Most of my fellow passengers were speaking in foreign tongues and wearing giant sunglasses, which made me suspect that they were European. I did not hear a single English-speaking voice that did not have a strong accent, including the tour guide, a woman who looked to be in her sixties who was collecting the tickets downstairs and who made it a point to tell me that my ticket was good only for the Uptown Loop as if I looked like the type who might try to pull a fast one by sneaking onto the Downtown Loop bus afterwards.
When we started moving, the tour guide sat in an empty seat up front and picked up the microphone. Those of us in the back could not hear her at all, and a gentleman with a British accent raised his hand and said that we in the back could not hear her.

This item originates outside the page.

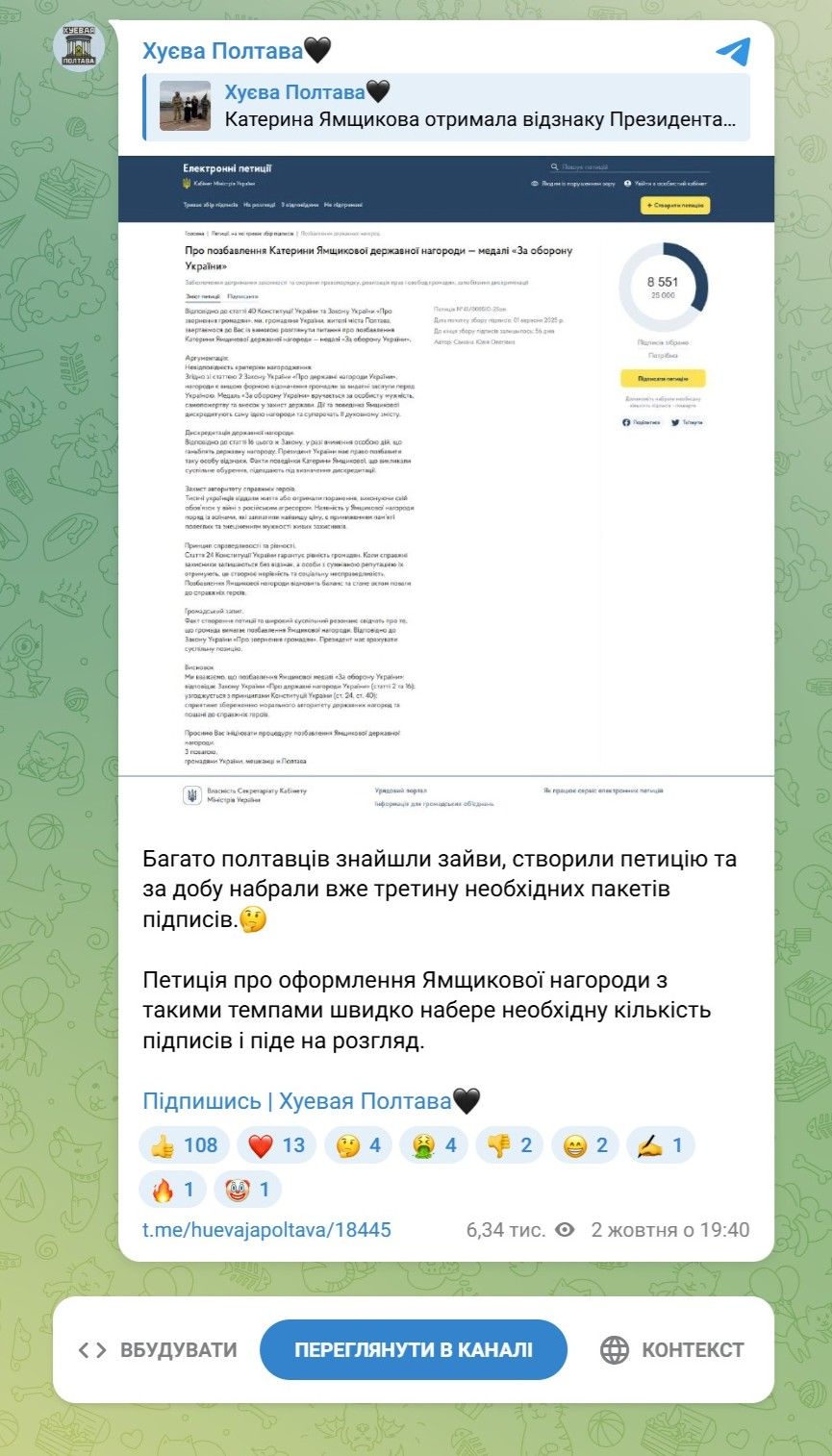 Один із полтавських телеграм-каналів поширив фейковий скриншот нібито з сайту Електронних петицій Кабінету міністрів України, при ньому без посилання на саму петицію. На скриншоті йдеться про нібито зареєстровану петицію зі збором підписів за позбавлення Катерини Ямщикової, в.о міського голови Полтави, державної нагороди «За оборону України».

She looked agitated at the interruption and said that the group before this one was able to hear just fine and then suggested maybe we should just be quiet and listen. But very few people were talking to begin with, so this made no difference.
A couple of minutes later the British gentleman raised his hand again and said he still couldn’t hear, and his companion suggested that maybe she should just turn up the volume. After glaring at the Brits for a moment, the guide finally turned and shouted down the stairs to the driver to turn the sound up. She then turned back to us and with a stern tone said that we all had to be quiet so that everyone could hear her. We had barely gone two blocks and this was already beginning to feel like a bad high school field trip.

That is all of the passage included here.